Quando algum animal consegue, sempre é motivo de muita emoção e felicidade para todos. Porém, a falta de reflexão sobre essa situação pode nos dar a falsa impressão de problema resolvido, pois, na verdade, isso é só mais uma consequência das rodovias na vida dos animais. E esse problema ainda está muito longe de ser solucionado.
Um número grande de casos de animais resgatados é um sinal ruim, pois esses casos demonstram apenas a ponta do iceberg da problemática de atropelamentos nas nossas estradas, já que a maioria dos animais nem sequer é resgatada e muito menos contabilizada. Essa situação pode nos levar a interferir diretamente no indivíduo, mas na verdade deveríamos interferir nas ameaças daquele ambiente para não ficamos presos em um looping de resgate e soltura, justamente porque a causa que levou o resgate não está solucionada.
Realizar uma soltura de um animal atropelado é um processo extremamente complexo e custoso, que envolve o esforço de diversos profissionais. Em um cenário ideal de resgate e soltura, o animal seria solto em sua área de vida original ou habitat semelhante, as suas ameaças seriam anuladas ou mitigadas e ele seria monitorado por um determinado tempo para confirmar o sucesso dessa soltura. Mas por falta de orçamento, planejamento e excesso de casos nos centros de reabilitações, muitos animais acabam sendo soltos sem um monitoramento adequado e em locais onde possivelmente sofrerão um dano novamente. Pensando só nos danos que podem ser causados por uma rodovia, são poucos os locais que ainda não tenham influência direta ou indireta de uma estrada. Só no Brasil há uma malha viária de 1.526.600 quilômetros.
No olhar popular, principalmente pela mídia, todas as solturas são casos de sucessos. Porém, na maioria dos casos não há comprovação dessa efetividade. Isso acontece pois geralmente não há monitoramento posterior à soltura, o que pode ser frustrante para os profissionais envolvidos, pois é muito esforço para não saber o futuro daquele animal. Do mesmo modo, é também frustrante saber que não deu certo depois de tantos esforços e descobrir que um animal monitorado veio ao óbito por culpa de uma ameaça que poderia ser mitigada.

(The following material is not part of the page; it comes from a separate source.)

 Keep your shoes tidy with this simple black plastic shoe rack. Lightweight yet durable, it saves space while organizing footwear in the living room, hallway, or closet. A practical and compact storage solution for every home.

Enfim, os animais devem continuar sendo resgatados após atropelamentos e é muito importante que os motoristas avisem esse tipo de acidente. Porém, todos nós devemos compreender que a solução do problema não é realizar o resgate e recuperar aquele animal e sim que o atropelamento seja evitado para que esse processo não seja necessário. Pensar nessa questão maior pode mudar muito nas nossas atitudes como cidadãos, desde dirigir com cautela a até a nossa escolha de governo.

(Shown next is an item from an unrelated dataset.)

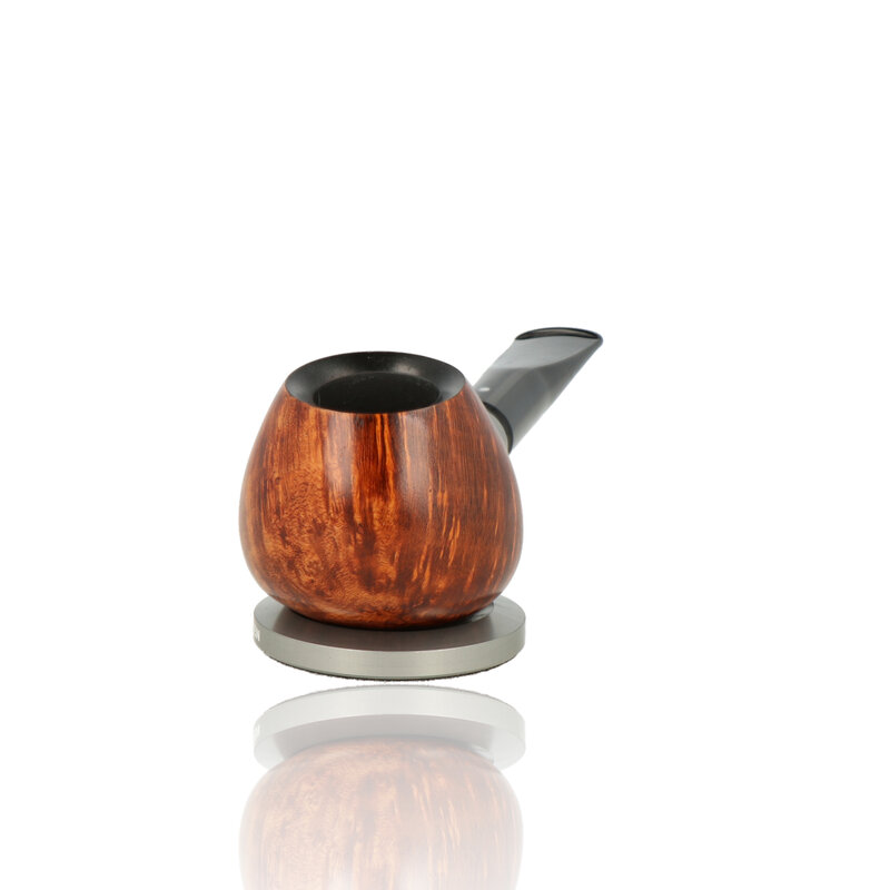 Vauen Tube The Vauen Tube is a very modern standing pipe with a hand flattering design. The pipe has a very interesting feature in that it has a small metal piece embedded in the base of the bowl and comes with a magnetic stand to sit it down between puffs. The stunning ring grain is perfectly accented with a stainless steel shank which not only gives it an eye-catching aesthetic but also helps to keep the smoke cool.

Não adianta comemorar a soltura de um animal e continuar dirigindo com irresponsabilidade e votando em pessoas que contribuem para o retrocesso das políticas ambientais, como o desmonte do licenciamento ambiental. Atualmente, estamos construindo um cenário cada vez mais difícil para qualquer espécie sobreviver e temos que agir rápido, tanto como cidadãos quanto como profissionais. É essencial unir diferentes áreas de conhecimento para construímos juntos um país com qualidade ambiental em que o resgate de fauna seja cada vez menos necessário.